2

l have a massive dataset that l divided into k mini datasets where k=100. Know l want to store these mini datasets in different files. to store my massive dataset l used the following instructions :

using JLD, HDF5
    X=rand(100000)
    file = jldopen("path to my file/mydata.jld", "w") # the extension of file is jld so you should add packages JLD and HDF5,  Pkg.add("JLD"), Pkg.add("HDF5"),
    write(file, "X", X)  # alternatively, say "@write file A"
    close(file)

Know l divided my dataset into k sub dataset where k=100

function get_mini_batch(X)

    mini_batches = round(Int, ceil(X / 100))

            for i=1:mini_batches
                mini_batch = X[((i-1)*100 + 1):min(i*100, end)]
                file= jldopen("/path to my file/mydata.jld", "w")
                write(file, "mini_batch", mini_batch)  # alternatively, say "@write file mini_batch"
                 lose(file)
            end
end

but this function allows to store the different sub dataset in one file which is overwritten at each iteration.

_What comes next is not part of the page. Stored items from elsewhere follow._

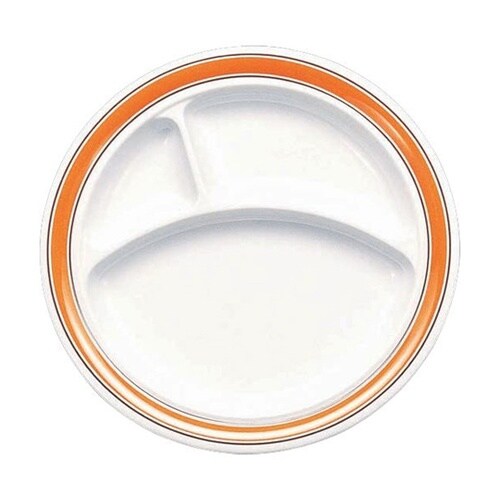 使い勝手抜群の三ツ仕切ランチ皿。別売の皿枠丸型中「DP−26」、皿枠丸型大「DP−40」、スタック用蓋「DP−31」、フードカバー「F−30」がご利用いただけます。 |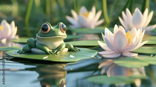 A cute frog sits on a lily pad surrounded by water lilies in a serene pond setting.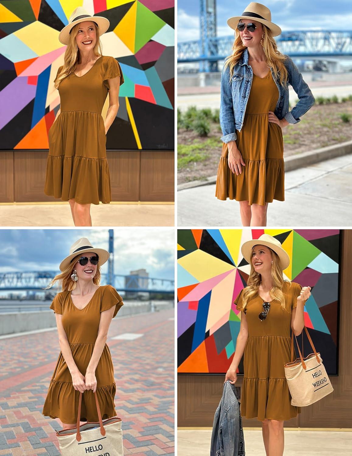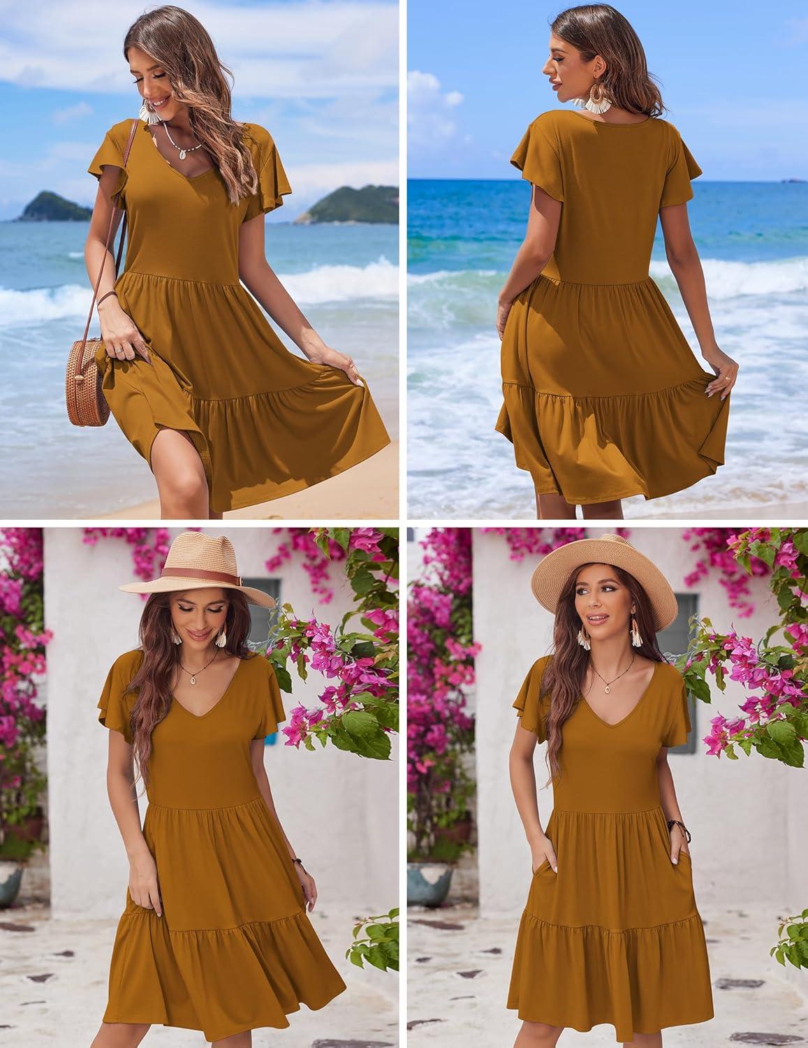 imageHOTOUCH Womens Casual Summer Dress with Pockets V Neck Ruffle Sleeve ALine DressesBrown

file= jldopen("/path to my file/mydata1.jld", "w")  # at each iteration l want to get files : mydata1, mydata2 ... mydata100
file= jldopen("/path to my file/mydata2.jld", "w")
file= jldopen("/path to my file/mydata3.jld", "w")
file= jldopen("/path to my file/mydata4.jld", "w")
.
.
.
file= jldopen("/path to my file/mydata100.jld", "w")

Alternatively l tried out this procedure function get_mini_batch(X)

    mini_batches = round(Int, ceil(X / 100))

            for i=1:mini_batches
                mini_batch[i] = X[((i-1)*100 + 1):min(i*100, end)]
                file[i]= jldopen("/path to my file/mydata.jld", "w")
                write(file, "mini_batch", mini_batch)  # alternatively, say "@write file mini_batch"
                 lose(file)
            end
end

but l don't have the idea of how to make a variable i=1....100 within this line code file[i]= jldopen("/path to my file/mydata(i).jld", "w")

Joey
  • 344,408
  • 85
  • 689
  • 683
vincet
  • 917
  • 3
  • 13
  • 26

2 Answers2

5

You are looking for string formatting.

To create the filenames, you can use @sprintf(). Then you can use these strings to write your objects to disk.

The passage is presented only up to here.